Stored entries
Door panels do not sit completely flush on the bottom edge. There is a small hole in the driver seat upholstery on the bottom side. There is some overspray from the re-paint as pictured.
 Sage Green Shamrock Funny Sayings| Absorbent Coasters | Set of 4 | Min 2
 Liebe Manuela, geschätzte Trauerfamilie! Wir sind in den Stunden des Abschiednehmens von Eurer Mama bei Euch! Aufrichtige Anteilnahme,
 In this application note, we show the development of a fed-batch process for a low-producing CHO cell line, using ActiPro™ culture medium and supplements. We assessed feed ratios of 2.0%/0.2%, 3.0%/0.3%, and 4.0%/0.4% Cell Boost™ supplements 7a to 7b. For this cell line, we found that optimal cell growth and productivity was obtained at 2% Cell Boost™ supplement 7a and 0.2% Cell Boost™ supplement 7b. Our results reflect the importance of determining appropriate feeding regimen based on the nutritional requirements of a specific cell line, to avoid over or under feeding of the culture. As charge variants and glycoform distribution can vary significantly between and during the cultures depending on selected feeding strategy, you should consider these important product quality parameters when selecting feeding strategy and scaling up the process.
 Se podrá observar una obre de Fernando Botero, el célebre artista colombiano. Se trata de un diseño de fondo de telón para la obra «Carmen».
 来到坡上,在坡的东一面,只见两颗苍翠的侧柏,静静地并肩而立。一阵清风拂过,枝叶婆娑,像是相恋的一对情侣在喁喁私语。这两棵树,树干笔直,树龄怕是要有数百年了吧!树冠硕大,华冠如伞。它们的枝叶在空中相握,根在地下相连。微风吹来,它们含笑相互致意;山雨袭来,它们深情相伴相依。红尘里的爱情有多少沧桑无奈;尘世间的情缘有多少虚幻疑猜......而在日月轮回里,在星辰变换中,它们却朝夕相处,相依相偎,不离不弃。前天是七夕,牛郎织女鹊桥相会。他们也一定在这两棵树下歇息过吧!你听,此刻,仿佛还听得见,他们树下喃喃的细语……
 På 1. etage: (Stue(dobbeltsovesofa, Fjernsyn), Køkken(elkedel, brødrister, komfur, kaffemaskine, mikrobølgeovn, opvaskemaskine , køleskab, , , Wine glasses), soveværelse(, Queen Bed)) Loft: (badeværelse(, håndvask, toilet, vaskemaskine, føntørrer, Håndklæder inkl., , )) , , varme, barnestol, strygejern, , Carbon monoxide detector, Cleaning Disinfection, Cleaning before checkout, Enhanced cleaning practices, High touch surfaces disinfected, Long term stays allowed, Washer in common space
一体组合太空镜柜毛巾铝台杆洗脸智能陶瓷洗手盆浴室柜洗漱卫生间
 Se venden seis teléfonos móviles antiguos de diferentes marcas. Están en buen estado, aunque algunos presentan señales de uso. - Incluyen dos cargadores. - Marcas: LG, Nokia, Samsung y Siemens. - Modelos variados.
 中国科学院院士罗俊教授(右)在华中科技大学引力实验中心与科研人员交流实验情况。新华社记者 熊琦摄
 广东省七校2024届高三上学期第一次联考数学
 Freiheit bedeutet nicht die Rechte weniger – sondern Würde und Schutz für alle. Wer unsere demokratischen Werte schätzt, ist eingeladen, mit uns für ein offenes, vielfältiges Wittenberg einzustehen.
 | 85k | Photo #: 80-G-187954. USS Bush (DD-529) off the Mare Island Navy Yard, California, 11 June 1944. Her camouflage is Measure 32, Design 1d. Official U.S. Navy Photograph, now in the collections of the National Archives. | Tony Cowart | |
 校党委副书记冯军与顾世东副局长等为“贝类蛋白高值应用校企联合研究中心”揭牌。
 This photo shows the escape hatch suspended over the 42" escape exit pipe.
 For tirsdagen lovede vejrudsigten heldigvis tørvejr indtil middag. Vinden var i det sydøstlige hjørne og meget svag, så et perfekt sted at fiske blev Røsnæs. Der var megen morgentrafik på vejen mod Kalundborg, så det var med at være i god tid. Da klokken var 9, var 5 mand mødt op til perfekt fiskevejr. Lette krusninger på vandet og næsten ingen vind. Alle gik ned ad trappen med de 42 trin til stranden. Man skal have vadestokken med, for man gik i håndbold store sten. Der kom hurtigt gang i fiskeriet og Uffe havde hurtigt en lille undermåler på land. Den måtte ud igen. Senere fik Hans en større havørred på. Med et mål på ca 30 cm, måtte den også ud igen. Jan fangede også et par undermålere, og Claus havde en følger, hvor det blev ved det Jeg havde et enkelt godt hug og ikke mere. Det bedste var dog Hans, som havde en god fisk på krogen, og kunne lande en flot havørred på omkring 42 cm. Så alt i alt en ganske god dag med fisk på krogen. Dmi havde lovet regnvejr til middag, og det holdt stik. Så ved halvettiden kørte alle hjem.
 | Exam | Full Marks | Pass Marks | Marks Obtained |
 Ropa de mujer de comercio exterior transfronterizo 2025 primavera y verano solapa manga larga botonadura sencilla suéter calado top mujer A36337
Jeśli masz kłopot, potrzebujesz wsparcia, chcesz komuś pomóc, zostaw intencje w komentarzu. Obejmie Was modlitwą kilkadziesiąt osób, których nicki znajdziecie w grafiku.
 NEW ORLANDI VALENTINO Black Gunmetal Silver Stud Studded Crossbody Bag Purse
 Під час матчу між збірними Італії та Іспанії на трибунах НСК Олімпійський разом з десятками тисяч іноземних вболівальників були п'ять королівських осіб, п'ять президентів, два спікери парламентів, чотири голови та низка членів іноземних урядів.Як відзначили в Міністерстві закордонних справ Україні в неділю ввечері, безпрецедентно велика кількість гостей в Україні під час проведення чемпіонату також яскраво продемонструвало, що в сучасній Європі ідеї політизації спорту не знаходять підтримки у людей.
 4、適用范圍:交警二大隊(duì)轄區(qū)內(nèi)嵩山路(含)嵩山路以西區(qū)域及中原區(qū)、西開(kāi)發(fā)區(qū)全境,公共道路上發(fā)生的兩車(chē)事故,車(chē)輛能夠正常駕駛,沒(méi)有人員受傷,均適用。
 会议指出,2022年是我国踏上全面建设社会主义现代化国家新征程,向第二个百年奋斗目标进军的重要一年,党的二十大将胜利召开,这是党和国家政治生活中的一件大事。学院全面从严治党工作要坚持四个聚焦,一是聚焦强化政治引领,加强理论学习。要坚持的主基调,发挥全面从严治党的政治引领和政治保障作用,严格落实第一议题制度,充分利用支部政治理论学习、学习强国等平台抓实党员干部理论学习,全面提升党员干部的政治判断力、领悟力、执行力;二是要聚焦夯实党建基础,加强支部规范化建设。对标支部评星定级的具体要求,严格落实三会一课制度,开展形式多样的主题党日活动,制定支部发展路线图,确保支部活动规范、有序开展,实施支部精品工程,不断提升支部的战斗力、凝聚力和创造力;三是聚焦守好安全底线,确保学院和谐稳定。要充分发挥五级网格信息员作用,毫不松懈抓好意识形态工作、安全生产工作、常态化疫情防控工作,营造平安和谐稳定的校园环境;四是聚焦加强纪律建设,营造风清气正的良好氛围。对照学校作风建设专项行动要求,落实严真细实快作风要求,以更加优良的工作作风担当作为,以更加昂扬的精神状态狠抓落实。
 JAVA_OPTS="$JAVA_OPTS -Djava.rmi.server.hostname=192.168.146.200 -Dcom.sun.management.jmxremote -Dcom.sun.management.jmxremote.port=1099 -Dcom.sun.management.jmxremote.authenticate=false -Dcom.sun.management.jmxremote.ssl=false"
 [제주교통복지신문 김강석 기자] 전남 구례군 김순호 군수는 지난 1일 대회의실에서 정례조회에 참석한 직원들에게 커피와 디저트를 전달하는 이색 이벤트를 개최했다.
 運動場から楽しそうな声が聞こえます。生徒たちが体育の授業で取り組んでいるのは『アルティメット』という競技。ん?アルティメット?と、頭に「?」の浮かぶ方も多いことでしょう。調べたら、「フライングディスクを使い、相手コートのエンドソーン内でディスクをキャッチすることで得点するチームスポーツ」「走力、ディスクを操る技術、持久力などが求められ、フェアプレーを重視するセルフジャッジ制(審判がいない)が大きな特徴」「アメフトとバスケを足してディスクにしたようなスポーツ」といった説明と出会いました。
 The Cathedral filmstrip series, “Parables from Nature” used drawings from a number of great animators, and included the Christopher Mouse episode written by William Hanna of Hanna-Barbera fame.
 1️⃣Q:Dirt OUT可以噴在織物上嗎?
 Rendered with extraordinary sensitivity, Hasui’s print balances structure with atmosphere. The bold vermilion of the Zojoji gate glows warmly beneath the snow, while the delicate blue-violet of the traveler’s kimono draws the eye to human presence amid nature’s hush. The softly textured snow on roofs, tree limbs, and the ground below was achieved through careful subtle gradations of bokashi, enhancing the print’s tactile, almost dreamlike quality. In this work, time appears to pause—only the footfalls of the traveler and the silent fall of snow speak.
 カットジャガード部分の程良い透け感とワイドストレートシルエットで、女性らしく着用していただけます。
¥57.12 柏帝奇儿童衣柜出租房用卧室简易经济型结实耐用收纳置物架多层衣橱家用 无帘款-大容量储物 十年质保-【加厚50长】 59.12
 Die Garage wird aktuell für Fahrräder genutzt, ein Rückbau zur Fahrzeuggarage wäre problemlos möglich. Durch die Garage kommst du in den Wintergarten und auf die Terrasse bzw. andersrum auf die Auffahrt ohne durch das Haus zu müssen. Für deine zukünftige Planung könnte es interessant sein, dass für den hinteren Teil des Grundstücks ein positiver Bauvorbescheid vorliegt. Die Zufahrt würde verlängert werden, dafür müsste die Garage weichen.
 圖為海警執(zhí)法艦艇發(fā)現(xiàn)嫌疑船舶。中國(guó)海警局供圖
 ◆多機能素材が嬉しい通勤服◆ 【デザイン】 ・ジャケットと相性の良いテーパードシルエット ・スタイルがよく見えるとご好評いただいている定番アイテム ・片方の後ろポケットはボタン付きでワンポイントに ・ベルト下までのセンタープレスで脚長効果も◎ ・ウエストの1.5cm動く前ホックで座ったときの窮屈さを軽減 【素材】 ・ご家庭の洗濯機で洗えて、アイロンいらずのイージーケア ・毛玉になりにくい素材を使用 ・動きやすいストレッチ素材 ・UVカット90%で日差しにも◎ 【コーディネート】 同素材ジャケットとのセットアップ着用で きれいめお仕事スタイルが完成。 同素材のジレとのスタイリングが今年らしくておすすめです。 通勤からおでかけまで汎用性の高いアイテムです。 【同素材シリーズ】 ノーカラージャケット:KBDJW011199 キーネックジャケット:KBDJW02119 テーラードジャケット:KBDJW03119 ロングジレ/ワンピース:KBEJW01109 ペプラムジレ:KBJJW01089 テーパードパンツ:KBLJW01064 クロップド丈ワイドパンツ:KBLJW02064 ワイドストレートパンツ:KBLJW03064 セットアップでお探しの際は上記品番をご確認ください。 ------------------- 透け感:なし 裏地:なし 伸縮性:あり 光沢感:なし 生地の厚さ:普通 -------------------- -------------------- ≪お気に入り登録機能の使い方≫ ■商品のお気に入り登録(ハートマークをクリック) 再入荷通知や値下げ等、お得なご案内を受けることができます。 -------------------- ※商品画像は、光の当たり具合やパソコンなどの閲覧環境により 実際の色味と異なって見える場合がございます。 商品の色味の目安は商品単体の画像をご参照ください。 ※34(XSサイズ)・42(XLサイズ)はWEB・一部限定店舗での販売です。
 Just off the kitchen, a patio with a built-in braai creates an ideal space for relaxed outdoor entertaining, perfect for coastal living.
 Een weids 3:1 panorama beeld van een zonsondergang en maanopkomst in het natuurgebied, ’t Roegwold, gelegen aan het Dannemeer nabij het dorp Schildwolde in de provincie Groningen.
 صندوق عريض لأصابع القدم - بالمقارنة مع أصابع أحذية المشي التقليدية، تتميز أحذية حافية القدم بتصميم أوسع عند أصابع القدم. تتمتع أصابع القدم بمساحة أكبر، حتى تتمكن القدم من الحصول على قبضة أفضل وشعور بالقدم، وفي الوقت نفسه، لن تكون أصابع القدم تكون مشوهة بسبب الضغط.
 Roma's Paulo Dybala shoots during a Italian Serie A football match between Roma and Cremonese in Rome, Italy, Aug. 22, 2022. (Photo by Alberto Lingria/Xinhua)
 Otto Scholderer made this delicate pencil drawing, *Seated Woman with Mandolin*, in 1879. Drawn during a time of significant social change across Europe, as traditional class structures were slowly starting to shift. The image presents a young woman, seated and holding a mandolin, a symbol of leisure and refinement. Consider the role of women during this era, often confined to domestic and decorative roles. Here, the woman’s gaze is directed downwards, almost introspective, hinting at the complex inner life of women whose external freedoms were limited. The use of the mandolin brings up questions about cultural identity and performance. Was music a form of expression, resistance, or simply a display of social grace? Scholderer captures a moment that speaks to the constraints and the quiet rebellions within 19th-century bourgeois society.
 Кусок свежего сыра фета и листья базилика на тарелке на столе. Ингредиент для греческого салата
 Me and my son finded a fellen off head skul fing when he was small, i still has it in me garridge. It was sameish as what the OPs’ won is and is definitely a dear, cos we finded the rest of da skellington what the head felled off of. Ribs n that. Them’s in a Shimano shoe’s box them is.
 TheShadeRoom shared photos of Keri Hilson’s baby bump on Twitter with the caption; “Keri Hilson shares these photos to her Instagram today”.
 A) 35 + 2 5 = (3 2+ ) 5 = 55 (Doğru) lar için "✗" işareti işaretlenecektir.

- Work required: Look back at the entries above and repeat, unchanged, every line from the line holding "一体组合太空镜柜毛巾铝台杆洗脸智能陶瓷洗手盆浴室柜洗漱卫生间" through the line holding "This photo shows".

- Response for this exercise:
一体组合太空镜柜毛巾铝台杆洗脸智能陶瓷洗手盆浴室柜洗漱卫生间
 Se venden seis teléfonos móviles antiguos de diferentes marcas. Están en buen estado, aunque algunos presentan señales de uso. - Incluyen dos cargadores. - Marcas: LG, Nokia, Samsung y Siemens. - Modelos variados.
 中国科学院院士罗俊教授(右)在华中科技大学引力实验中心与科研人员交流实验情况。新华社记者 熊琦摄
 广东省七校2024届高三上学期第一次联考数学
 Freiheit bedeutet nicht die Rechte weniger – sondern Würde und Schutz für alle. Wer unsere demokratischen Werte schätzt, ist eingeladen, mit uns für ein offenes, vielfältiges Wittenberg einzustehen.
 | 85k | Photo #: 80-G-187954. USS Bush (DD-529) off the Mare Island Navy Yard, California, 11 June 1944. Her camouflage is Measure 32, Design 1d. Official U.S. Navy Photograph, now in the collections of the National Archives. | Tony Cowart | |
 校党委副书记冯军与顾世东副局长等为“贝类蛋白高值应用校企联合研究中心”揭牌。
 This photo shows the escape hatch suspended over the 42" escape exit pipe.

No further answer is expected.